WHOLE Schools: The movement doesn't end here
- 5 hours ago
- 7 min read

A personal reflection on the last four years of the movement that transformed mental health awareness in DPS
In 2022, as the pandemic continued to test the steadiness of our community’s core pillars, I was earning my Master’s of Public Health from UNC-Chapel Hill.
One day, I happened upon an opportunity at DPS Foundation to address the challenges COVID had intensified for one essential pillar – public schools.
Students, educators, and families have long carried mental health challenges. COVID just happened to illuminate them. The Foundation, along with community partners, was made to ask: What are we going to do to support our students?
As a graduate student, I was all of a sudden tasked with helping DPS assess what can be done to respond to this growing youth mental health crisis. In February 2022, I signed onto DPSF as the lead research fellow before quickly moving to Project Manager for the newly launched WHOLE Schools Movement.
Before we built anything, we listened.
Alongside an incredible team of fellow graduate students, we researched what school districts across North Carolina, the United States, and even internationally were doing to support student well-being. We examined promising practices, explored emerging research, and looked for examples of what was possible.
But the most important learning didn't come from reports. It came from people.
We sat in focus groups with educators, principals, students, caregivers, community leaders, and mental health professionals. We intentionally created spaces for Black and Brown students and families, LGBTQ+ community members, and other groups whose voices are too often left out of conversations about education and wellness.
Again and again, we heard the same message:
People were exhausted. People were hurting. People wanted schools to be places where they could not only learn, but belong.
Those conversations eventually became an advisory committee. Those committee meetings became a vision. And that vision eventually became what Durham now knows as the WHOLE Schools Movement.
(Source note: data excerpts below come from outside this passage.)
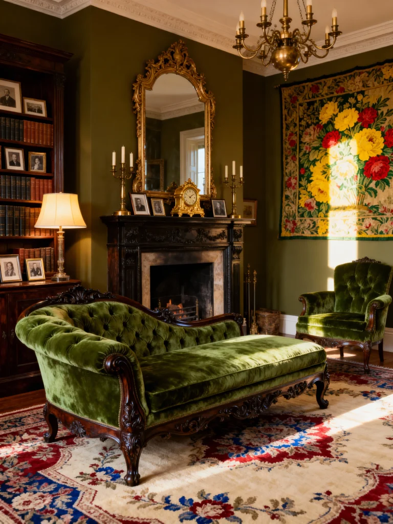 This room is a masterclass in using rich greens to create a deeply luxurious atmosphere. The olive-green walls provide a serene backdrop, allowing the centerpiece—a gorgeous, carved wood and tufted emerald green velvet chaise lounge—to really shine. It’s such a unique, decadent piece, perfect for lounging like true royalty. The fireplace mantel is striking and ornate, topped with a beautiful gold mirror and candelabras, while the antique tapestry on the wall brings in that incredible pop of yellow and red floral color. This space perfectly blends natural, earthy tones with highly detailed, traditional furniture. It feels sunlit, calming, and effortlessly chic, especially with that striking rug tying everything together.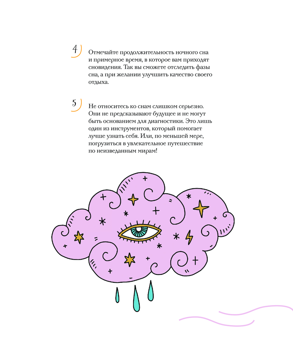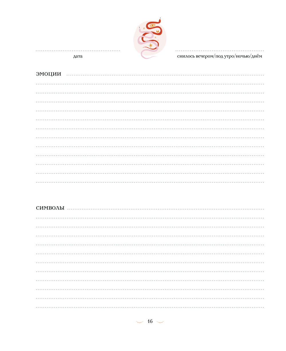 Блокнот включает специальные поля для записи ключевой информации о каждом сновидении: дата, эмоции, символы и сюжет. Такой формат позволяет в любое время вернуться к записям и сопоставить особенности сюжетов, эмоции к схожим символам.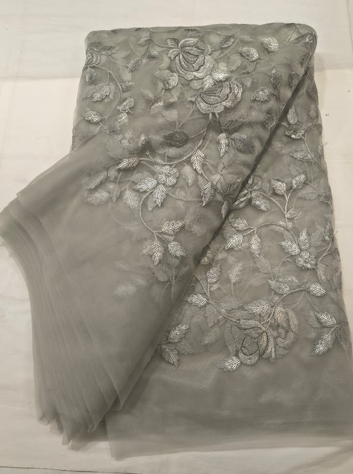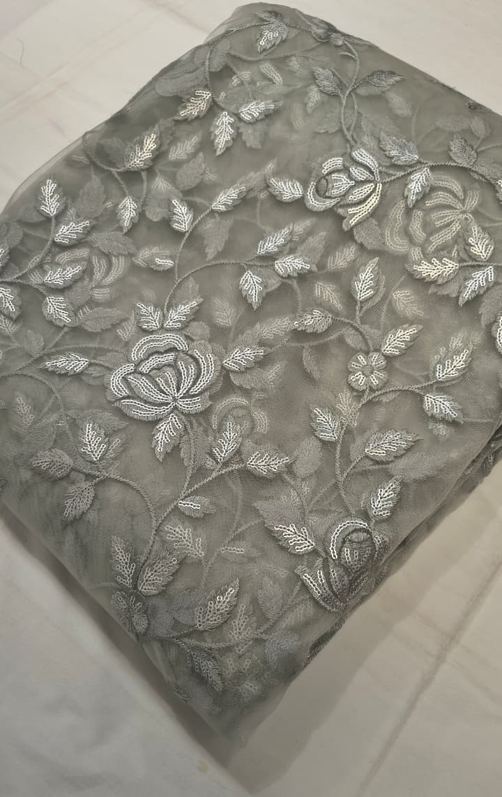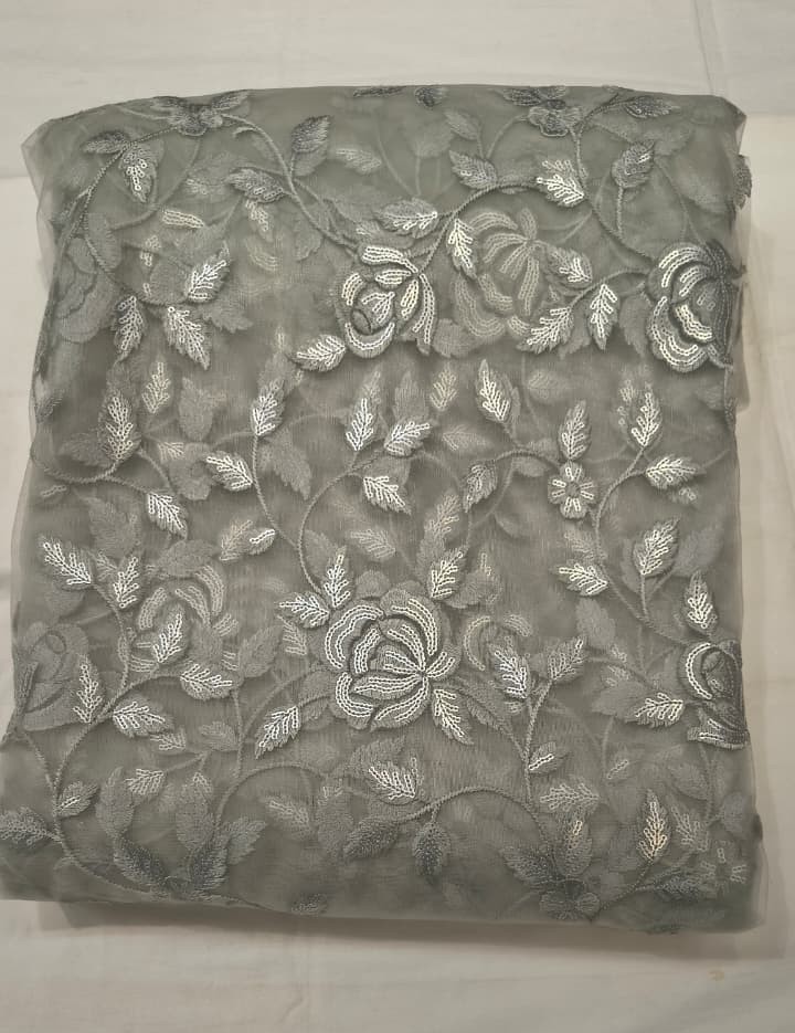This Premium Net Embroidery Fabric is designed to add elegance and sophistication to your ethnic and party wear collection. Crafted in a classy grey shade, the fabric features beautiful all-over floral embroidery with fine thread and sequin detailing, giving it a rich and graceful look.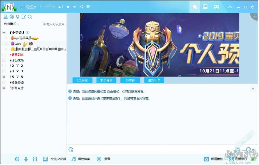 歪歪YY語音是很多用戶平時(shí)常用的語音聊天工具,不管是打游戲還是游戲直播都非常好用手,語音音質(zhì)也非常好~不過原方原版可能廣告有點(diǎn)多,還有不能多開的限制,本版由KK下載站整理的去廣告版本,可以讓你在語音時(shí)更加清凈,避免廣告干擾你的游戲。同時(shí)支持無限多開,禁用游戲大廳等無用的組件,及升級(jí)功能,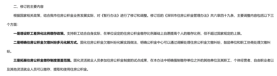针对于之前发布的规定,这次主要增加了三个方面:公司与个人差异化的缴费比例、公积金欠缴多元化调解和扩大灵活就业人员缴纳公积金。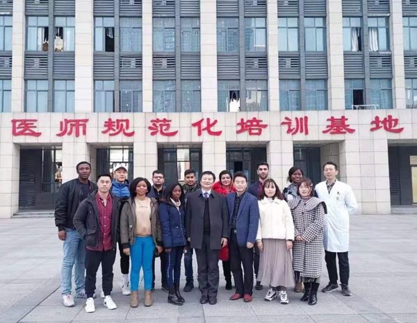 为提升《中国概况》教学效果,增进留学生对中华文化、特别是对中医文化的理解,12月10日,我校《中国概况》课程老师带领2019级留学生、外教和部分本科生到第一附属医院观摩、体验中国传统医学。我校专业英语教学团队成员康复科王敏主任和全科医学科梁冰主任带领全体成员实地观摩了康复理疗区、全科医学病房、中药房、中医科和临床教学培训示范中心。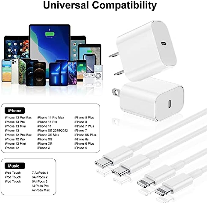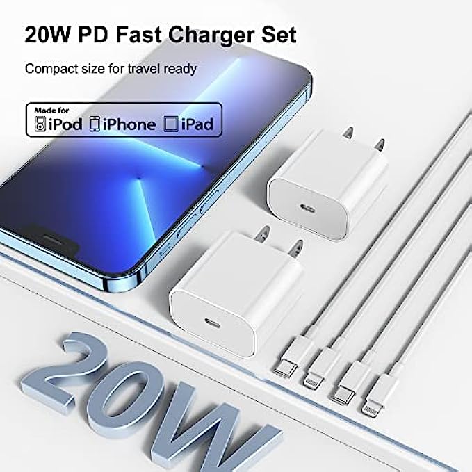 • ?【One Charger, Lifetime Service】You will get 2Pack 20W PD 3.0 Applicable Apple Charger Plug and 10FT MFi Certified USB C to Lightning Cable, 2-Years worry-free refund and replacement guarantee. if you have any questions, please feel free to contact us, we have confidence in our products and we are responsible to our customers,We promise to solve your problems within 24 Hours.(Contact method: "Account service" → "Order history" → "Contact seller")
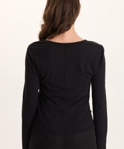 Two curved channels created with adjustable cords offer customizable ruching to this contrast-fabric style. A twill front body creates dynamic texture and movement-friendly stretch when paired with a Slub Jersey back, sleeves, and trim at the v-neck.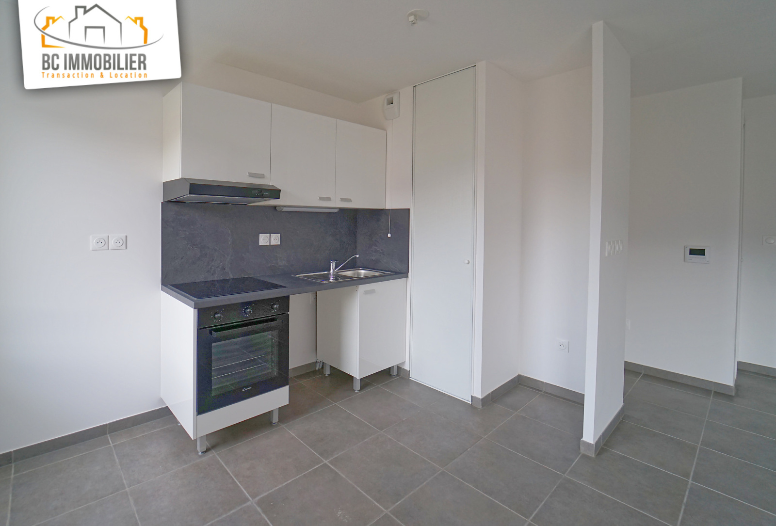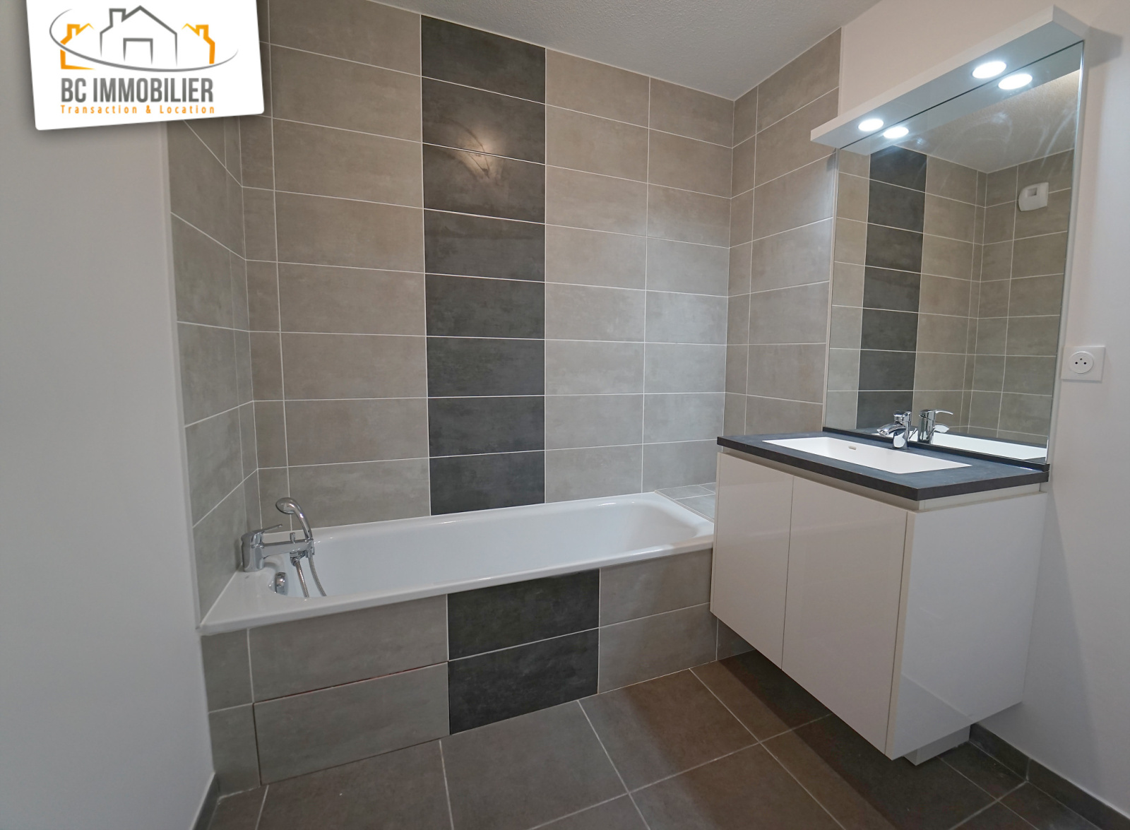 Résidence Le Leman à Gex, Appartement T3 d'une superficie de 59,72m2 avec balcon de 4,98m2, offrant un hall d'entrée avec grand placard mural aménagé, une cuisine équipée (sauf réfrigérateur) ouverte sur séjour, un wc, une salle de bains, une grande chambre de 13,89m2 avec placard mural et une petite chambre de 9,74m2 avec placard mural. Ce logement est au 1er étage dans une résidence calme et sécurisé.

Over the next three years, WHOLE Schools grew into a four-pillar strategy. Through Mental Health Ambassadors, Community Education, Model Schools, and the WHOLE Schools Fund, we explored what it looks like to support the whole person in a school community. Together, these efforts reached thousands of students, educators, families, and community members across Durham.
Looking back, what stays with me most is not the numbers.
It's the moments.
I think about our Adult Mental Health Retreats in partnership with Pupusas for Education.
On paper, they were professional learning opportunities. In reality, they became spaces where adults remembered they were human. We myth-busted mental health misconceptions. We learned about Adverse Childhood Experiences. We talked about stress, trauma, and resilience. But we also danced. We laughed. We experienced laugh yoga together. We participated in healing circles that challenged us to think differently about what joy feels like, what it looks like, and whether we allow ourselves to experience it often enough.
Those retreats taught me something important: healing isn't always serious. Sometimes healing looks like laughter. Sometimes it looks like connection. Sometimes it looks like being seen.
I think about our first WHOLE-istic Healing Festival in 2023.
Every choice was intentional. We chose to have safety marshals instead of police because we wanted to demonstrate that safety can be communal. We wanted people to experience what it felt like to be cared for by the community.
I remember leading a collective scream activity. At first, people laughed. Then they participated.
And in that moment, we learned a lesson together: carrying too much for too long and carrying it silently is harmful. Sometimes the healthiest thing we can do is release what we've been holding.
That festival was filled with joy, music, healing, resources, and community. But more importantly, it reminded us that wellness doesn't have to feel clinical. It can feel celebratory.
I also think about the Healthy Minds, Stronger Schools Conference in 2024.
For me, this event represented everything the WHOLE Schools Movement aspired to be: a place where research, lived experience, policy, and community could all sit at the same table.
We welcomed Shadeen Francis (a marriage and family therapist, professor, and author), who challenged us to think more deeply about the science behind mental health and wellness and how our brains, bodies, and environments are interconnected. Her message reinforced something we had been learning throughout this work: wellness is not an individual responsibility alone. It is shaped by the systems, relationships, and conditions surrounding us every day.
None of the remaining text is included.